ECLI:NL:CRVB:2008:BC2374
Centrale Raad van Beroep
- Hoger beroep
- Rechtspraak.nl
Afwijzing aanvraag bijzondere bijstand voor vloerbedekking en bed
In deze zaak gaat het om de afwijzing van een aanvraag om bijzondere bijstand door het College van burgemeester en wethouders van de gemeente ’s-Gravenhage. Appellante heeft op 16 december 2004 een aanvraag ingediend voor bijzondere bijstand ter vervanging van diverse duurzame gebruiksgoederen, waaronder vloerbedekking in de woonkamer en een bed. Na een huisbezoek op 27 januari 2005 heeft het College op 28 januari 2005 besloten de aanvraag af te wijzen, omdat de vervanging van de vloerbedekking niet noodzakelijk werd geacht en de noodzaak tot vervanging van het bed niet kon worden vastgesteld. Op 16 juni 2005 heeft het College alsnog bijzondere bijstand toegekend voor de kosten van een bed, maar de afwijzing van de vloerbedekking bleef gehandhaafd.

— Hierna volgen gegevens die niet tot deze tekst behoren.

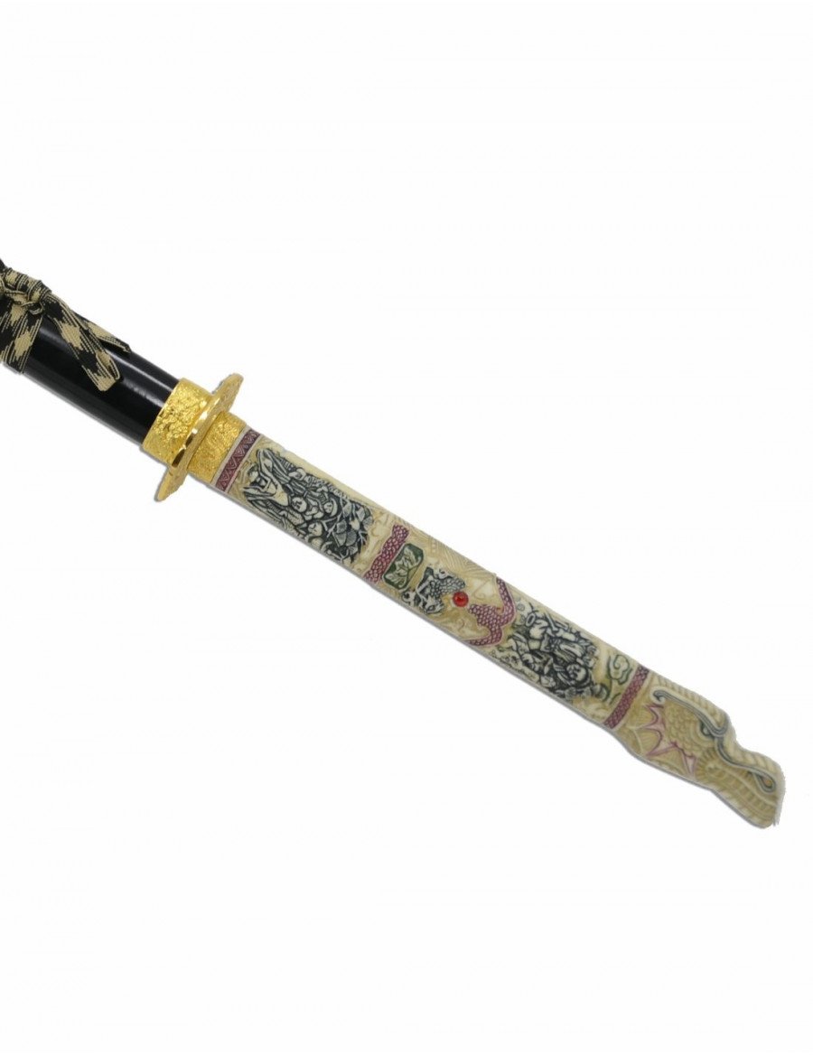 La katana con motivos de dragón es un homenaje a uno de los seres más venerados de la mitología japonesa. El dragón representa poder, sabiduría y protección, y su imagen ha sido utilizada durante siglos en armas, armaduras y arte tradicional. Esta katana decorativa fusiona la elegancia de la espada samurái con la fuerza simbólica del dragón, convirtiéndose en una pieza central para coleccionistas y amantes de la cultura oriental. Es habitual encontrar este tipo de katanas en exhibiciones temáticas y como regalo para quienes valoran la riqueza simbólica y la estética refinada del Japón clásico.

Appellante heeft tegen de uitspraak van de rechtbank ’s-Gravenhage van 15 september 2006, die het beroep tegen het besluit van 16 juni 2005 ongegrond verklaarde, hoger beroep ingesteld. De Centrale Raad van Beroep heeft de zaak op 8 januari 2008 behandeld. De Raad heeft vastgesteld dat de rechtbank terecht heeft geoordeeld dat de noodzaak tot vervanging van de vloerbedekking niet aannemelijk is gemaakt. De Raad heeft zich verenigd met de overwegingen van de rechtbank en het College, en heeft geconcludeerd dat de kosten voor de vervanging van de vloerbedekking niet als noodzakelijke kosten in de zin van artikel 35, eerste lid, van de Wet werk en bijstand (WWB) kunnen worden aangemerkt. Daarom is de afwijzing van de aanvraag om bijzondere bijstand terecht geweest.
De Raad heeft het hoger beroep van appellante verworpen en de aangevallen uitspraak bevestigd. Er is geen aanleiding voor een veroordeling in de proceskosten.